Existing frameworks for the statistical analysis of spatial survey data offer a clear workflow towards the estimation of absolute and relative abundance of wildlife, in association with present and future environmental profiles (whether naturally or anthropogenically effected). At the same time, more broadly in applied ecology, there is a keen interest in integrated analysis and adaptive resource management. Momentum behind these ideas is encouraging the incorporation of different sources of spatial information onto a single, joint inference framework, so that statistical power can be greatly enhanced, even if the data themselves cannot be directly pooled because of their qualitative differences.

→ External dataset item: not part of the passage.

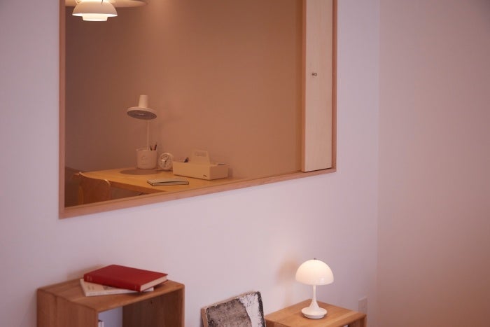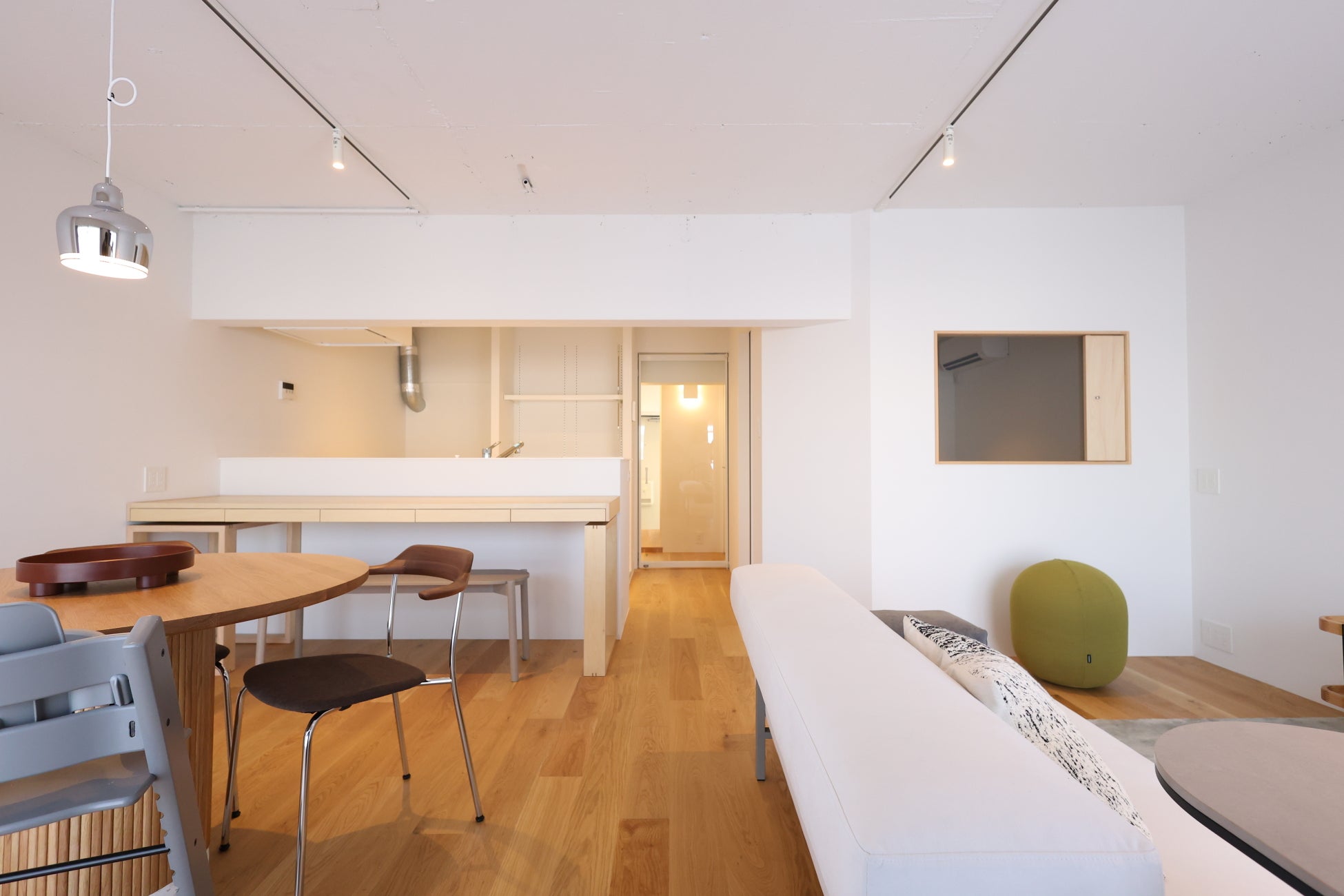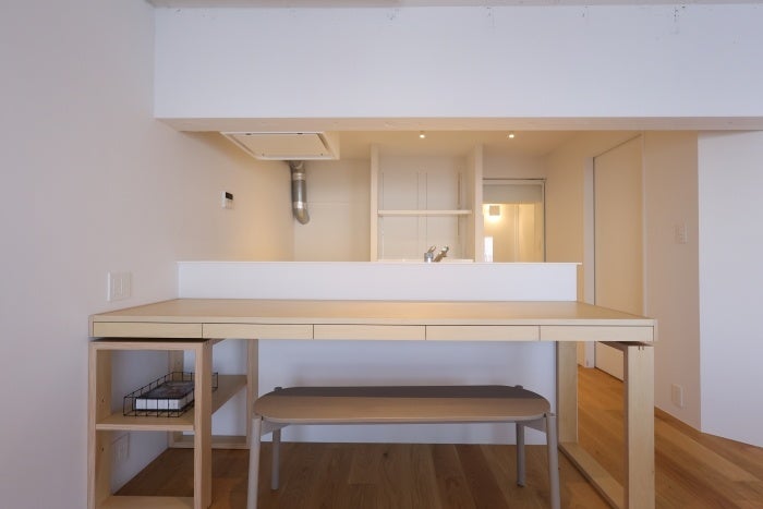 LDKには、リブ支柱が印象的なmoda en casaのテーブルや、マルニ木工のhiroshimaを配置。ソファはSEMPREの「SO-01 フローティングソファ」を採用しました。造作家具は住宅仕様と同じシナ材で統一。本コンセプトルームでは2種類用意しました。1つ目はダイニングにも作業にも使えるキッチンカウンター。2つ目は玄関土間のデスクで、柱の形に沿った設計で、スペースを無駄なく活用。ワークスペースや趣味の作業場として活用できます。椅子はAMAのヴィンテージの「Machinist chair」を配置しバランスを取りました。照明やテーブルの脚など、アクセントにシルバーのラインを取り入れ、軽やかで引き締まった印象に。全体を通して「生活の景色」が浮かぶようなアイテムをセレクトしています。リノベる。のインテリアコーディネートでは、お客さまの暮らしを丁寧にヒアリングし、既製品も造作も、最適な組み合わせを提案しています。

The present project used systematic literature review, expert knowledge on survey methodology, bespoke model development and sensitivity analyses on realistic simulation data to derive methodological and quantitative guidelines for best practice in conducting such joint inference for multi-platform seabird survey data. We subdivide our recommendations into six distinct categories.

1.1 Appropriate response and explanatory variables

  • Keep the highest-grade form of data. Data collected in aggregated or thresholded form can be analysed but these operations should be avoided on highly resolved data.
  • Analyse even low-grade data as if originating from abundance. Use of latent surfaces of abundance allows us to interface lower-grade data with high resolution inference.
  • Avoid inflated error structures until the end of modelling. Modelling with covariates will generally explain some of the over-dispersion in the raw data and use of spatially and temporally auto-correlated errors will account for unexplained hot- and cold-spots in distribution.
  • Partly missing covariates should not necessarily lead to data censoring. This may prove necessary in the end of the analysis however, it may be worth attempting to reconstruct the covariate either as a separate interpolation step, or as part of an integrated analysis with partially missing data.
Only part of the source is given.